Background on Clozapine
As you may recall, clozapine was one of the first atypical antipsychotic medications. It provided an alternative to phenothiazines, one that had much lower incidence of extrapyramidal side effects, and it was another option for patients who hadn’t responded to the traditional medications. Unfortunately, it soon was realized that clozapine had its own significant side effect, that of neutropenia. This led to periodic monitoring of white blood cell counts which has for years been mandatory. In order for a pharmacy to be permitted to dispense clozapine – now available as Clozaril(R) , FazaCloz(R) and Versacloz(R), a patient has had to be registered in one of the several clozapine registries and have proof of a recent ANC (absolute neutrophil count, requiring a CBC with differential cell count). The protocol is that if the ANC is acceptable, only enough medication is allowed to be dispensed to get the patient to their next scheduled ANC. This could be only enough for a week, two weeks or a month. Until the registry gets proof of the ANC, the drug may not be dispensed.
What has changed?
All patients on clozapine are therefore in some registry and this was the system until October. Together with the FDA, the makers of clozapine consolidated the registries into one. Patients and doctors in the registries are supposed to be automatically “migrated” from their previous registries into the new Clozapine REMS (Risk Evaluation and Management Strategy) registry.

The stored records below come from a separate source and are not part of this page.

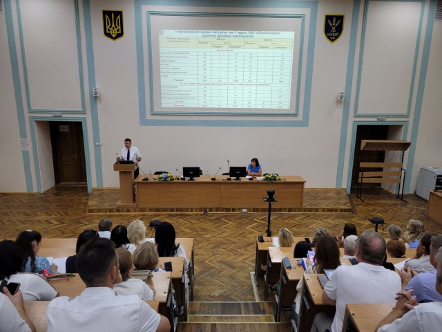 Голова вченої ради економічного факультету, д.е.н., професор Анатолій Діброва представив підсумки діяльності науково-педагогічного колективу економічного факультету за 2023/2024 навчальний рік та завдання на наступний навчальний рік, наголосивши на визначених завданнях розвитку НУБіП України поставлених на серпневій Вченій раді університету та зазначив, що ми живемо в умовах воєнного стану, що змінило багато чого в нашому житті, в освітній діяльності, але незважаючи ні нащо цей рік повітряних тривог, блекаутів, відсутності інтернету ми вистояли і в цілому можна говорити про позитивний підйом. Очільник факультету зосередив увагу на попередніх результатах вступу. Він висвітив інформацію про кількість заяв на бакалаврат в Україні у розрізі спеціальностей 05 і 07 галузей знань, що показує значний вплив кон’юнктури ринку на подачу заяв. Доповідач зосередив увагу на інформації про хід надходження заяв від вступників денної форми навчання на ОС Бакалавр в розрізі освітніх програм, форм навчання, пріоритетами. Найбільша кількість заяв надійшла на освітні програми: «Підприємництво, торгівля та біржова діяльність», «Економіка підприємства», «Фінанси і кредит». Прийом на основі молодшого спеціаліста в цьому році здійснювався за широким конкурсом, серед них найбільше заяв подано на освітню програму «Фінанси і кредит». Всього на економічний факультет подано на базі повної загальної середньої освіти і молодшого спеціаліста 942 заяви. Щодо попередніх результатів, то на програми підготовки бакалаврів прийнято 241 вступники в т.ч. на базі школи – 211, на базі ОКР «Молодший спеціаліст» («Молодший фаховий бакалавр») – 30 осіб. Однак не зважаючи на складну ситуацію повʼязану з воєнним станом, впливом кон’юнктури ринку на подачу заяв, факультет протягом трьох років зберіг контингент студентів.Декан ознайомив присутніх з графіком навчального процесу на 1 семестр 2024-2025 н.р. та розкладом початку та закінчення навчальних занять.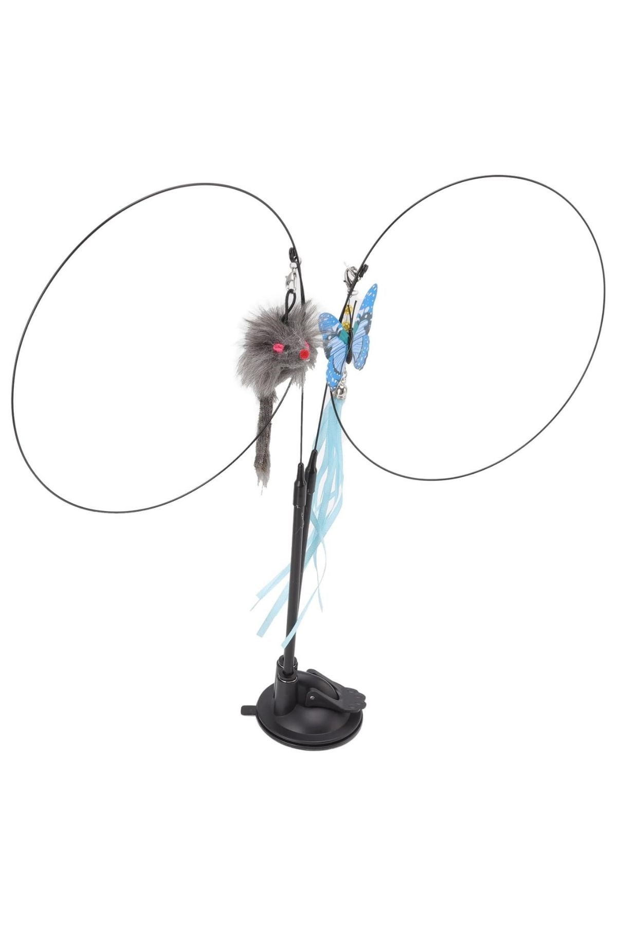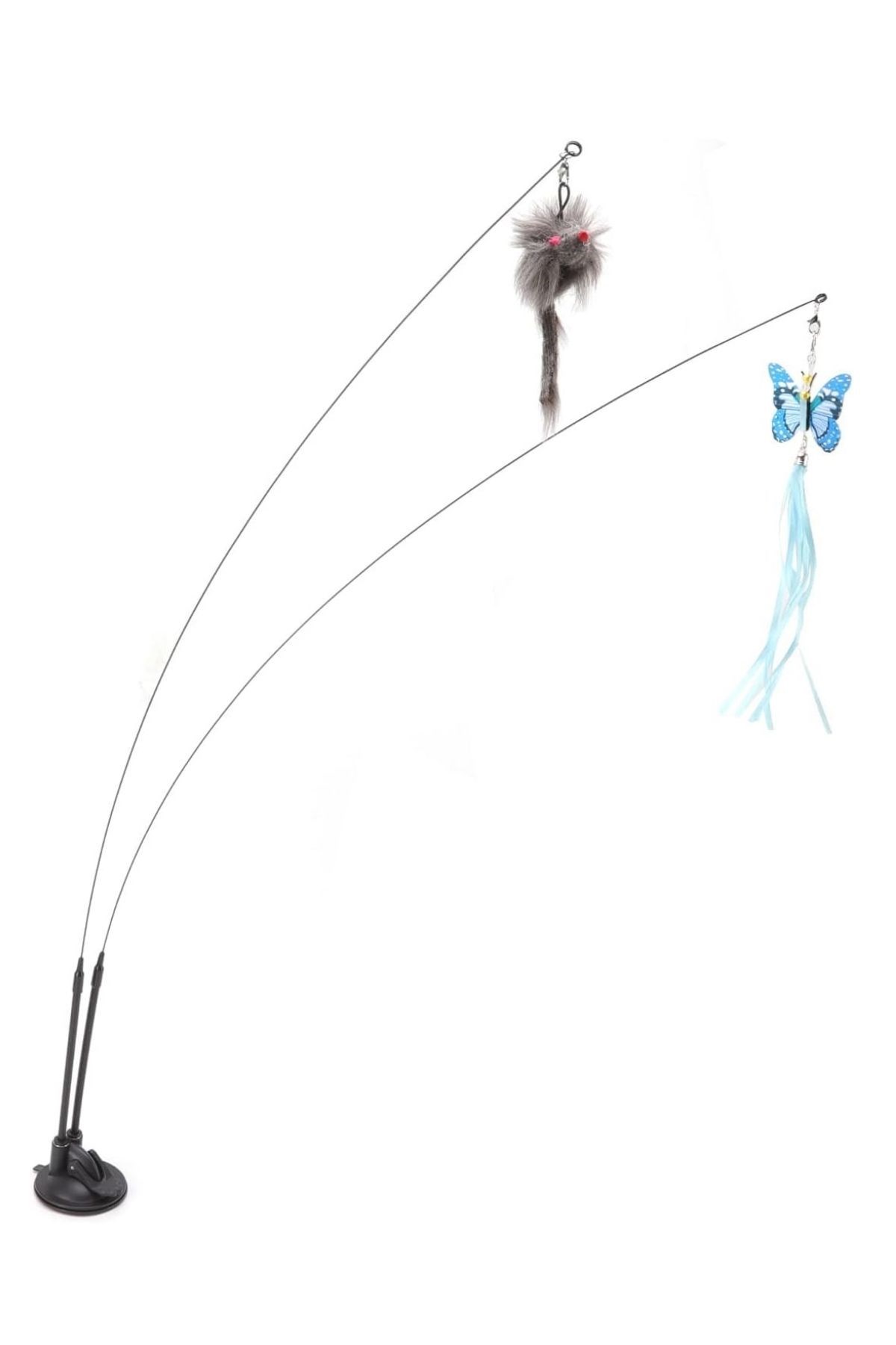 BUFFER® Vantuzlu Tüylü Zilli Olta Kedi Oyuncağı 2 Oltalı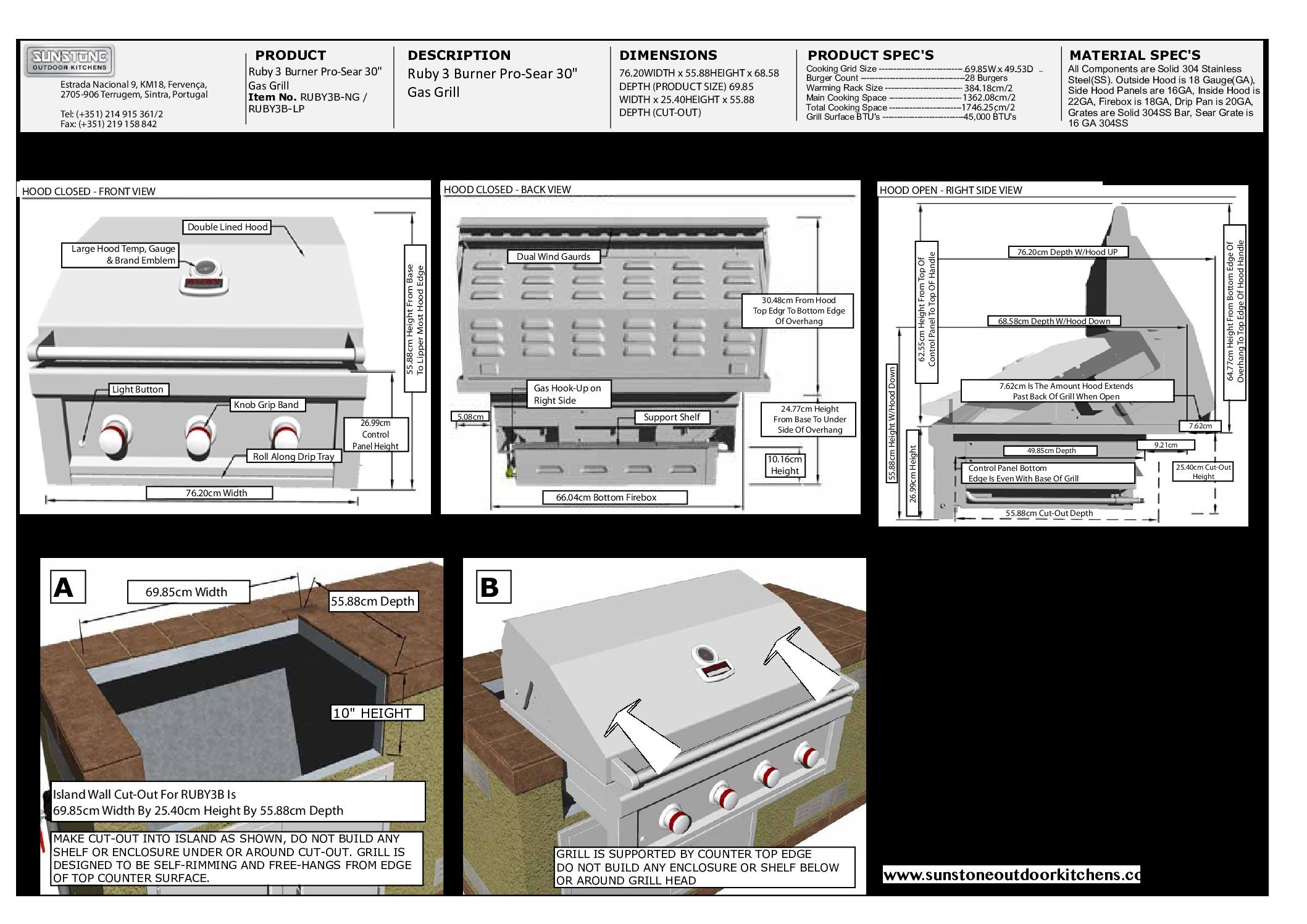 The Sunstone® 3 Burner RUBY series Gas Grill is a powerful grilling unit as well as a unique design piece. Built completely with professional grade 304 Stainless Steel, also for the I-Burners with a minimal BTU output of 45,000, and integrated Flame-Thrower Ignition in ALL burner positions. This grill is seriously powerful and full packed with eye catching features.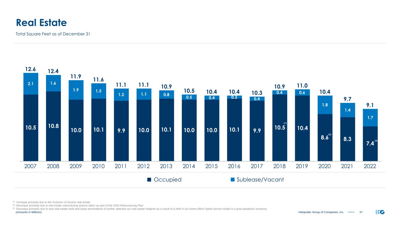 37Interpublic Group of Companies, Inc. (Amounts in Millions) Real Estate Total Square Feet as of December 31 Sublease/VacantOccupied (1) Increase primarily due to the inclusion of Acxiom real estate. (2) Decrease primarily due to real estate restructuring actions taken as part of the 2020 Restructuring Plan. (3) Decrease primarily due to new real estate exits and lease terminations to further optimize our real estate footprint as a result of a shift in our home-office hybrid service model in a post-pandemic economy. (1) (2) (3)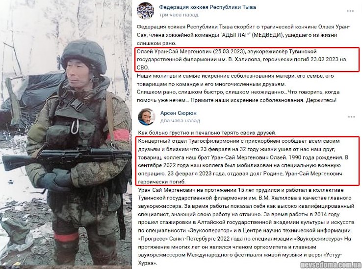 ▪️Sound engineer and hockey player Olzey Uran-Sai Mergenovich, born in 1990. from Tyva in September 2022 he was mobilized, and already on February 23, 2023 he "died tragically in the NWO".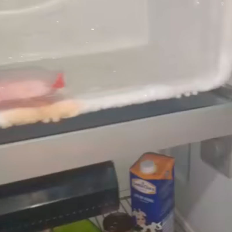 Mãe de dois filhos, uma menina de dois anos e um menino de quatro anos, a mulher mostra o pouco alimento que tem na geladeira. Além da ajuda com doações de alimentos, a família precisa de fralda, roupas e agasalhos para as crianças.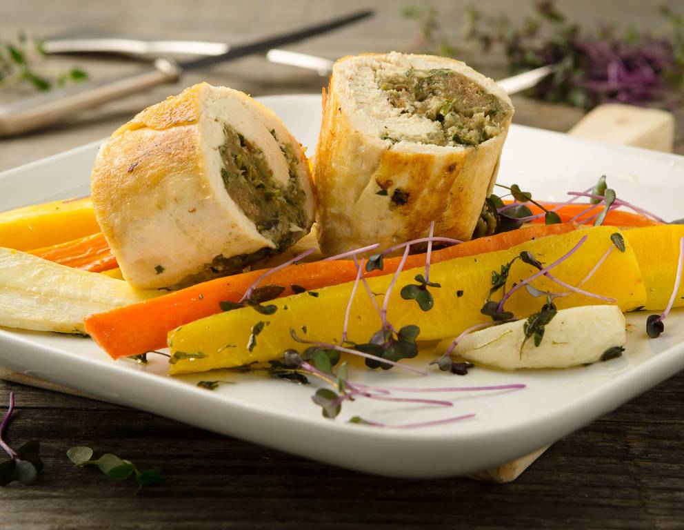 - Das Gemüse auf einem Teller anrichten, die gefüllte Hühnerbrust darauf setzen und mit der Kresse garnieren.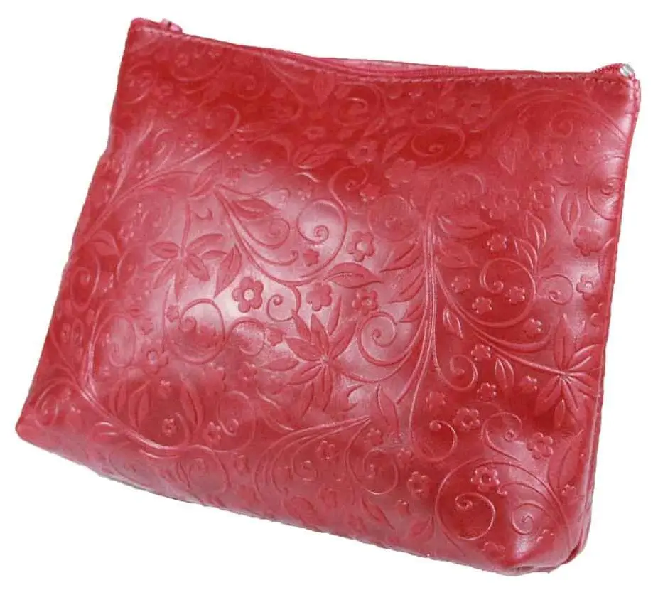 Косметичка из натуральной кожи 21x0,5x12,5 см, красная, тиснение по коже конгрев "Флаверс"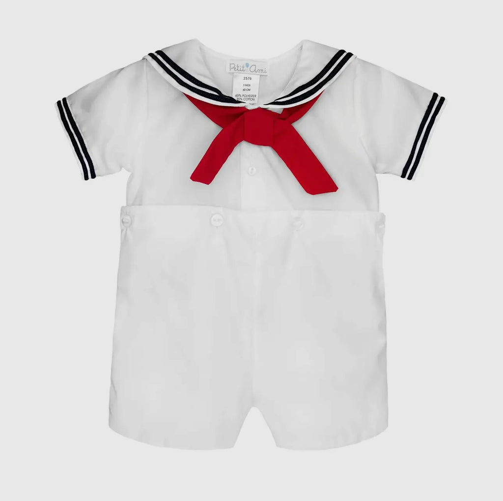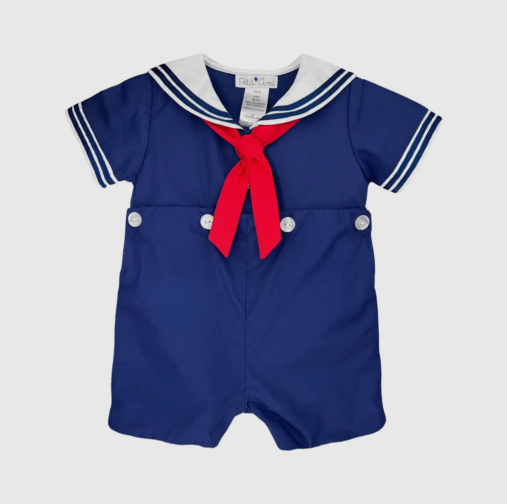 Our classic and traditional sailor style nautical bobby suit romper for baby boys makes a beautiful outfit for family photos and special occasions.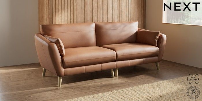 7.0.3 Buy Orlo Leather 4 Seater Sofa Turin Leather Tan Brown Retro Tapered - Light from the Next UK online shop Click here to use our accessible website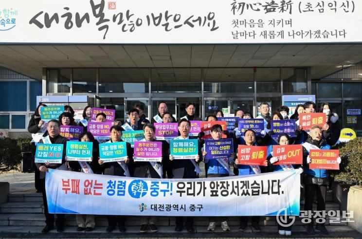 광장일보 나학천 기자 | 대전 중구는 설 명절을 앞둔 9일 아침 출근길 구청사 현관 및 각 부서를 방문하여 음주운전 근절 및 청렴 문화 확산을 위한 청렴 캠페인을 전개했다고 밝혔다.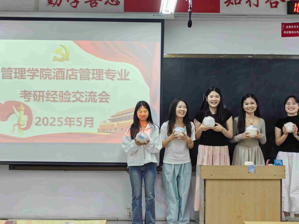 酒店管理211班胡佳林、岳萌阳、刘秋芸、孟小婷、刘玉格等5位同学依次为大家分享了考研经验和心路历程。她们从选择学校和专业的角度出发,详细讲述了自己的备考策略和复习方法。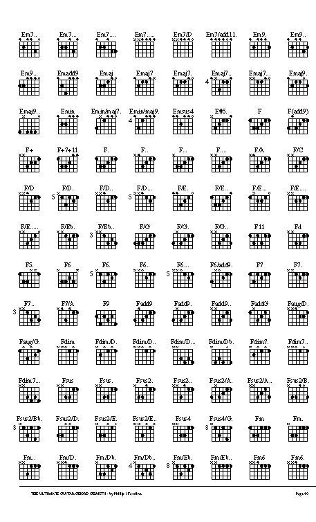 Over 1200 guitar chord positions! Click on the page number below to view the respective page of the chord chart. Click here to view the chord chart in PDF format. Click here to download the chord chart in Postscript format.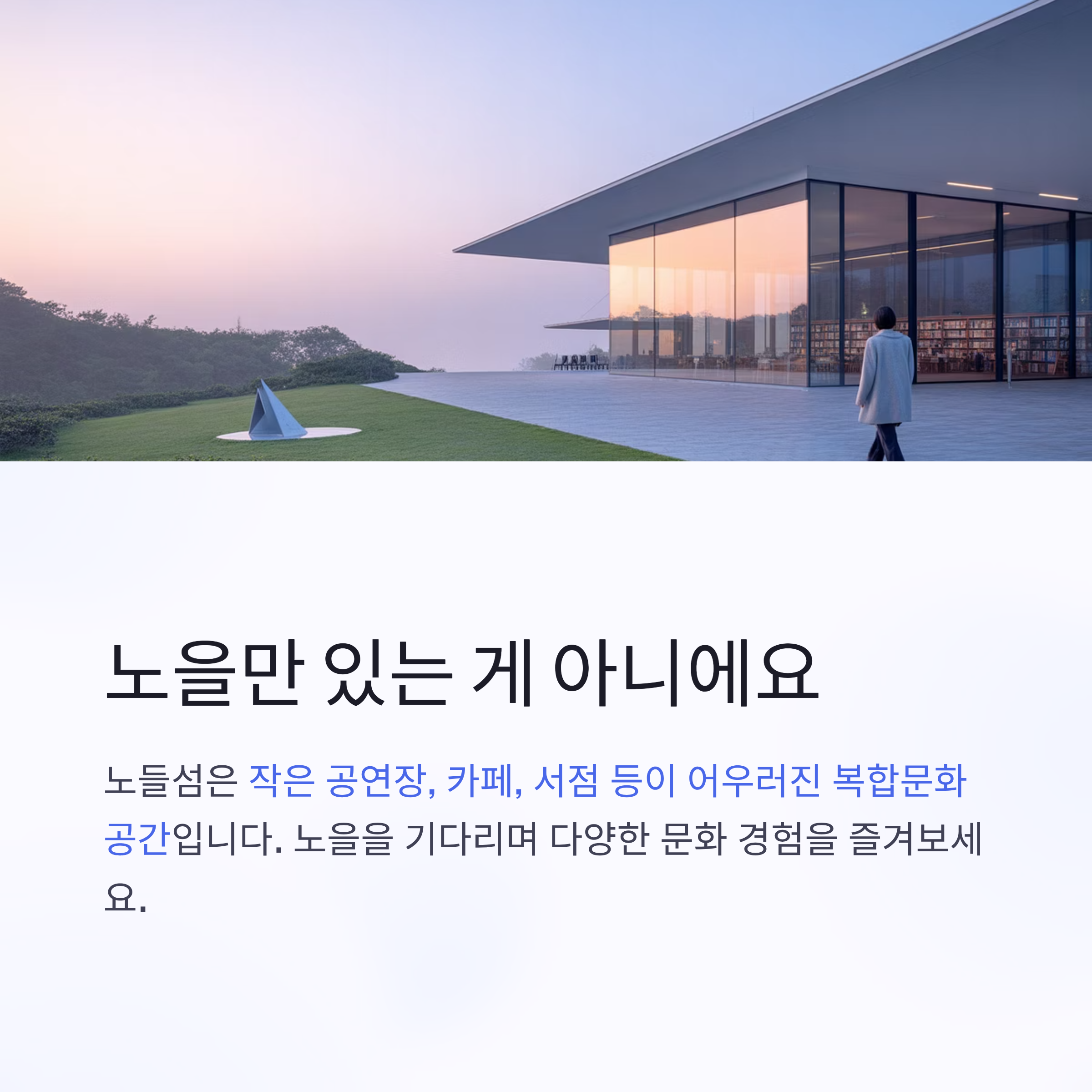 노들섬은 단순한 노을 명소를 넘어 작은 공연장, 카페, 서점 등이 어우러진 복합문화공간입니다. 노을을 기다리는 동안 산책하며 여유를 즐기거나 작은 전시와 공연을 함께 즐길 수도 있습니다.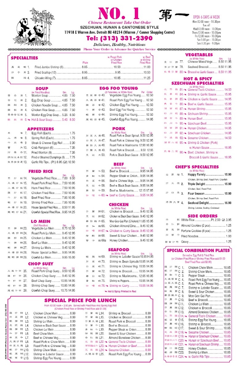 Welcome to the delightful world of Number One Chinese Restaurant, a beloved gem located in the heart of Detroit at 11870 E Warren Ave. This unclaimed establishment stands tall as a beacon for lovers of authentic Chinese cuisine. Whether you're in the mood for a family outing, dinner with friends, or simply craving mouthwatering dishes, this restaurant has something to satisfy everyone.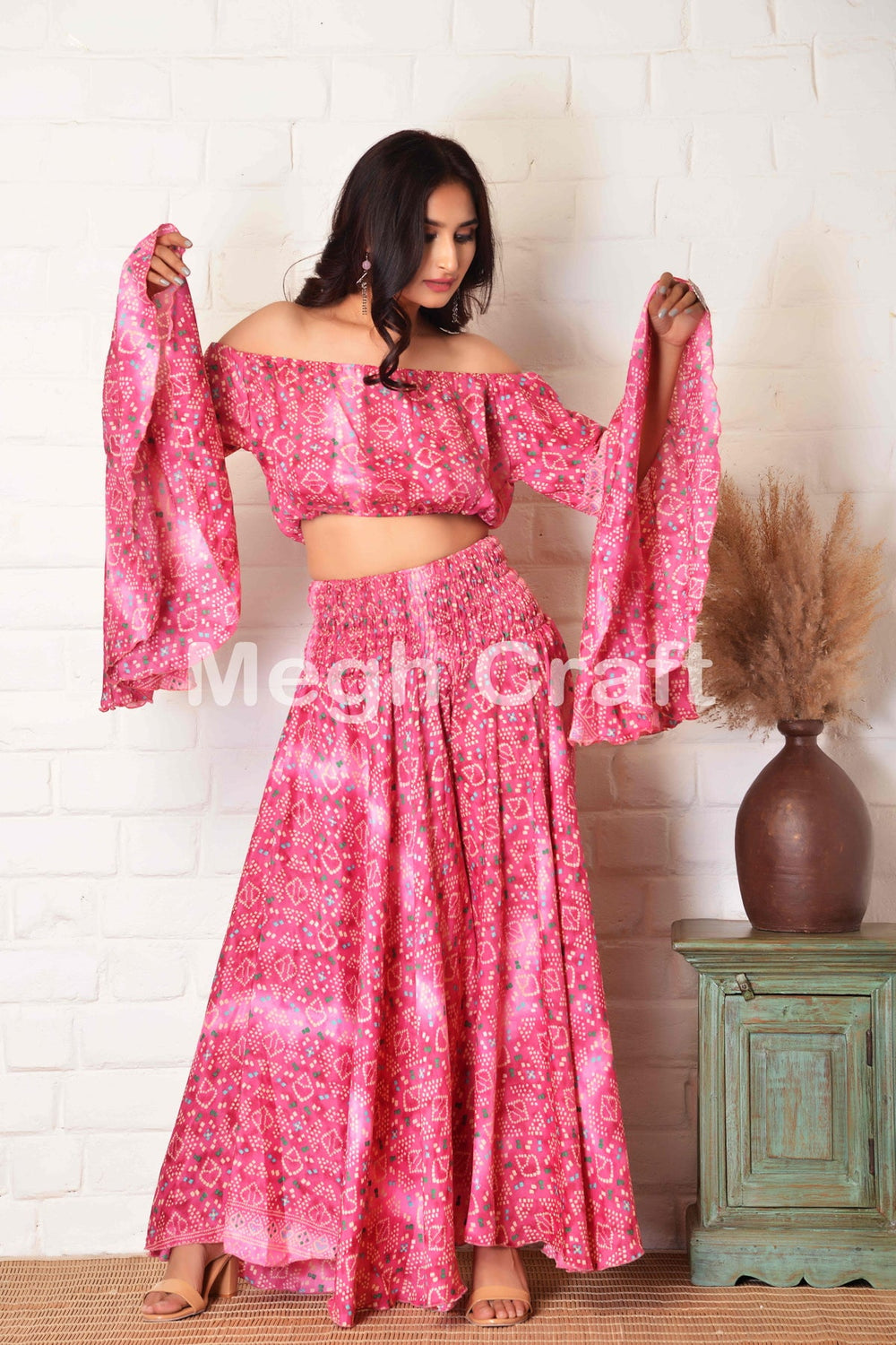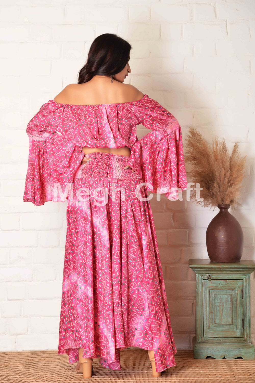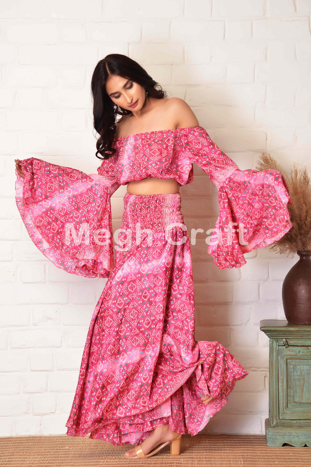 Designer Off Shoulder Bell Sleeve Tube Top & Umbrella belly trouser pant Set with full flair.

Up to this point, pharmacies had been given significant latitude in order to help the physician with the prescribing and monitoring of clozapine. As of Nov. 2, 2015 (today) in addition to prescribing or ordering the medication, physicians are required to register the patient and enter the labs into the registry. Once registered, physicians may allow another party, such as a pharmacist or office employee, to be a designee.
Physicians who currently are registered as prescribers of Clozapine should have received notification by mail, e-mail or fax from both the registries and from your pharmacy provider. Nevertheless, this information is provided in case you missed it.
What this means for you
Since it is now Nov. 2, you must do the following ASAP today:
Physicians who have patients on Clozapine (even prescribers who have been using a previous registry), must become certified through the new Clozapine REMS registry. Fortunately, this process is quick and painless. There is a minimal information input followed by a brief education program concerning neutropenia and clozapine management. There are a few post-test questions. This takes about 20 minutes, at most. You can get to this at: www.clozapinerems.com
if you are interested in naming a designee to retrieve and enter information into the registry for you, there is a process to do this on the website. The potential designee must also register, once that is processed, you may select them for a patient as a designee.
Because this applies to all attending physicians, please communicate this information to your medical staff. Talk to your DNS and Consultant pharmacy to see if there are patients in your Living Center who are receiving clozapine. Feel free to give your fellow providers in the LivingCenter a copy of this issue of First Monday.
GLC and Our Pharmacies Can Help
We are working with our pharmacy partners and staff to make sure that you will be advised as a prescriber of the status of patients with regard to the timing of ANCs. Please feel free to contact your pharmacy provider or consultant pharmacist for assistance in getting registered.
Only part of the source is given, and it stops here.